In a study published by the Indian Council for Research on International Economic Relations (ICRIER), on August 8, 2019, it was found that there is a need to empower the Farmer Producer Organisations (FPOs) to trade in the commodities futures market.
In her speech for the Union Budget of FY20, the Union Finance Minister, Nirmala Sitharaman, set a target of creating 10,000 FPOs in the next five years (by 2024). The National Bank for Agriculture and Rural Development (NABARD) has already been involved in setting up FPOs in the last few years, having more than 3,000 FPOs. The National Commodity and Derivatives Exchange (NCDEX), for the past few years, has been trying to deepen FPOs’ participation in markets.

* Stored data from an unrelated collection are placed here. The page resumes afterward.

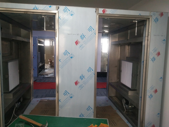 風(fēng)淋室是人進入潔凈室所必需的通道,它可以減少進出潔凈室所帶來的污染問題,減少由于人貨進出帶來的大量塵埃粒子由潔凈室的入口處安裝功能齊全的“氣閘室”可以減少空氣污染微粒的數(shù)量,當(dāng)人貨通過風(fēng)淋室時,污染微粒被經(jīng)過高效過濾的高度潔凈空氣射掉,25m/s以上的高風(fēng)速確保了有效的噴射和飄移微粒經(jīng)過初效和高效兩級過濾器基本過濾掉。為了保持風(fēng)淋的安全使用,維持潔凈室環(huán)境的潔凈度。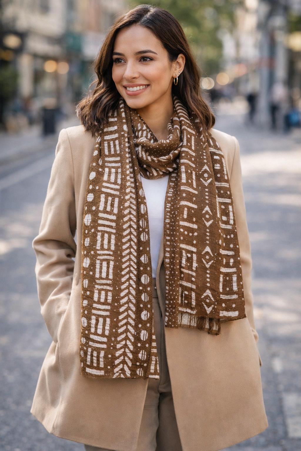 🌿 Douce, respirante et agréable au toucher, l’écharpe en Bogolan se porte en toute saison. Elle s’accorde facilement avec un look chic, urbain ou plus décontracté. Par conséquent, elle apporte toujours une touche élégante, à la fois moderne et inspirée des traditions africaines.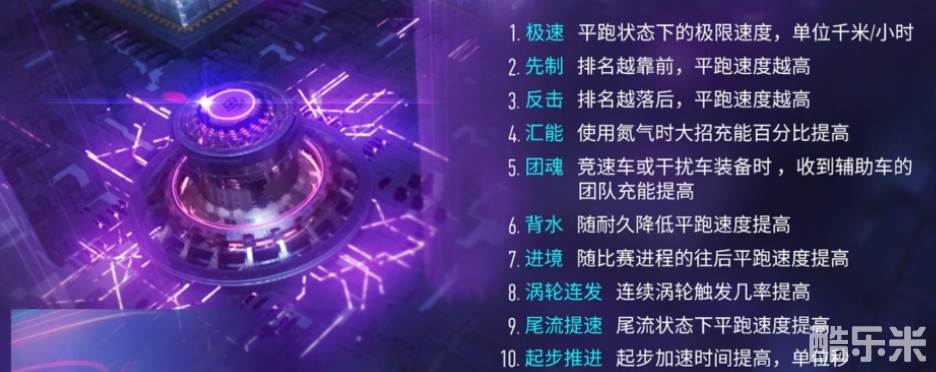 该车出场技能开局5000氮气量,推荐使用急先锋芯片与2x3氮气,开局可以领先他人一步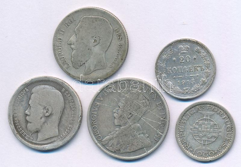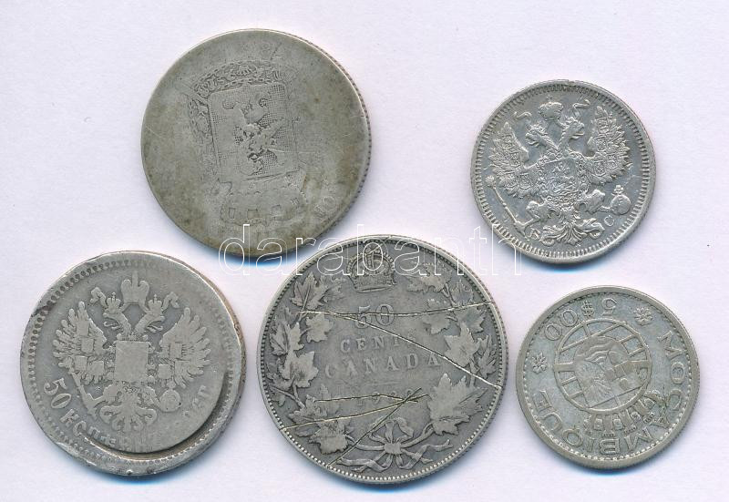 Description: Vegyes, 5db-os külföldi Ag érmetétel, közte Orosz Birodalom 1896. 50k T:F,VG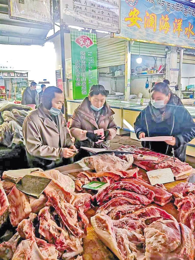 圖為拉薩市有關工作人員深入市場,查看糧油菜肉蛋奶等商品價格、供應情況。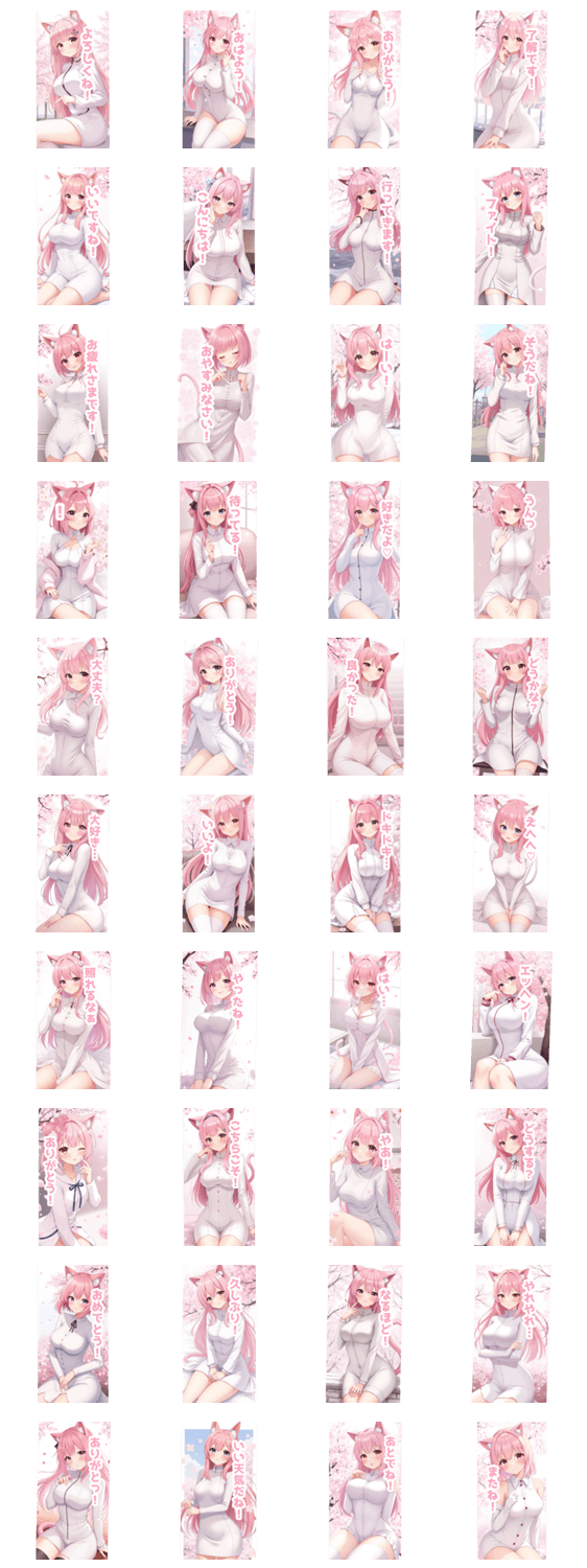 | スタンプ説明 | ホワイト/クール/キュート/女の子/女子/かわいい/癒し/萌え/日常/挨拶/使いやすい/JK/美少女/ロングヘア/白スーツ/会話/返信/ピンク髪/生活/女子高生/高校生/猫耳 ※このスタンプはトークルームで大きく表示されるBIGスタンプです。 |

Farmer Producer Organisations (FPOs)
Farmers, especially small and marginal ones, do not directly trade in agri-futures market in India. Their small size, lack of trust and understanding of futures market, and dependence on middlemen, are some of the main deterrents. An FPO is thus a legal entity formed by primary producers, such as farmers, milk producers, fishermen, weavers, rural artisans, craftsmen, who take on the role of collectivisation of producers to address the challenges of agriculture such as improved access to investment, technology, inputs, and markets. The FPO can be a production company or a cooperative society or in any other form that provides sharing of benefits among the members.
The FPOs are generally mobilised by promoting institutions/ resource agencies (RAs). The Small Farmers Agribusiness Consortium (SFAC) provides support for the promotion of FPOs. The resource agencies collaborate support from governments and agencies like NABARD to promote and nurture FPOs.
Future Trading in India
The first futures trade by an Indian FPO took place in 2014 when the Ram Rahim Pragati Producer Company—an enterprise started by 3,000 women belonging to self-help groups in a tribal area of Madhya Pradesh—hedged soybean price risk on the National Commodity and Derivatives Exchange (NCDEX).
Between April 2016 and May 2018, when NCDEX began making formal efforts to directly engage with FPOs, the latter had a miniscule 0.004 per cent share of the agri-futures trade at NCDEX. More than half of the FPO futures trade of ` 50.8 crore was in soybeans, while another third was in maize. Bihar, Maharashtra, and Madhya Pradesh account for 92 per cent of the trade.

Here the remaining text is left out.